In the material below, find the span from the line with "Preinscripciones de educación" to the line with "Purple Ombre French" and transcribe only those lines, exactly, ends included, without the pictures.

**Input data**
▼▼▼

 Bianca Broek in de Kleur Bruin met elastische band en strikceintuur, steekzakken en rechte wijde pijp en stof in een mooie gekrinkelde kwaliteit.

▲▲▲
▼▼▼

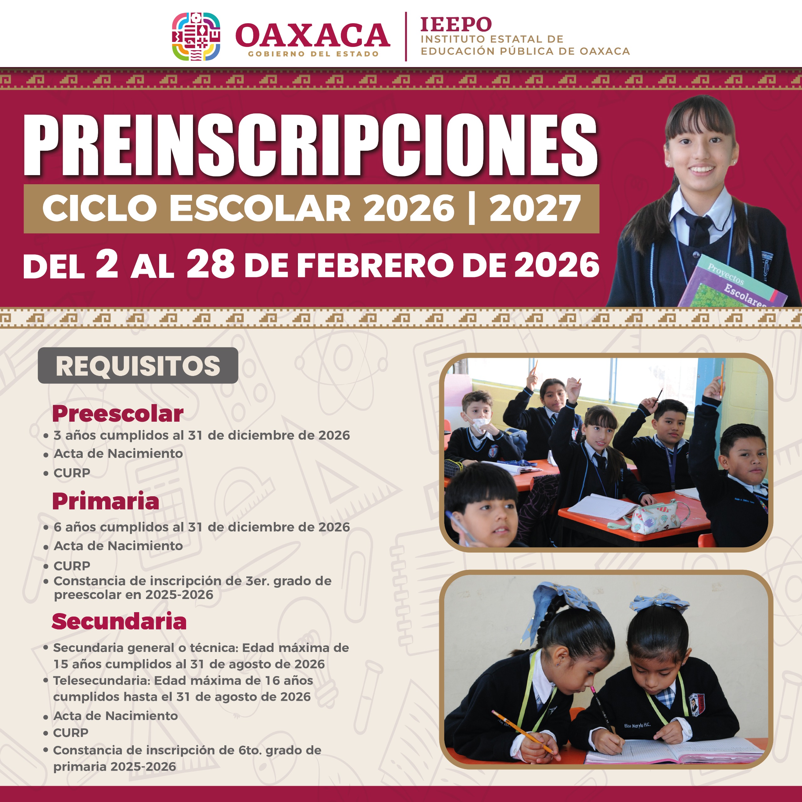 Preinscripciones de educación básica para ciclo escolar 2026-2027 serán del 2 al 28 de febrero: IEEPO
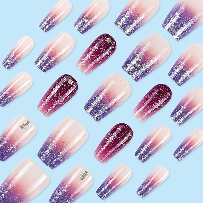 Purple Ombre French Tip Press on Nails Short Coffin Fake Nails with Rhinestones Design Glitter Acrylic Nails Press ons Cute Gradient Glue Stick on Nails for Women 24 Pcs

▲▲▲

**Output**
 Preinscripciones de educación básica para ciclo escolar 2026-2027 serán del 2 al 28 de febrero: IEEPO
 Purple Ombre French Tip Press on Nails Short Coffin Fake Nails with Rhinestones Design Glitter Acrylic Nails Press ons Cute Gradient Glue Stick on Nails for Women 24 Pcs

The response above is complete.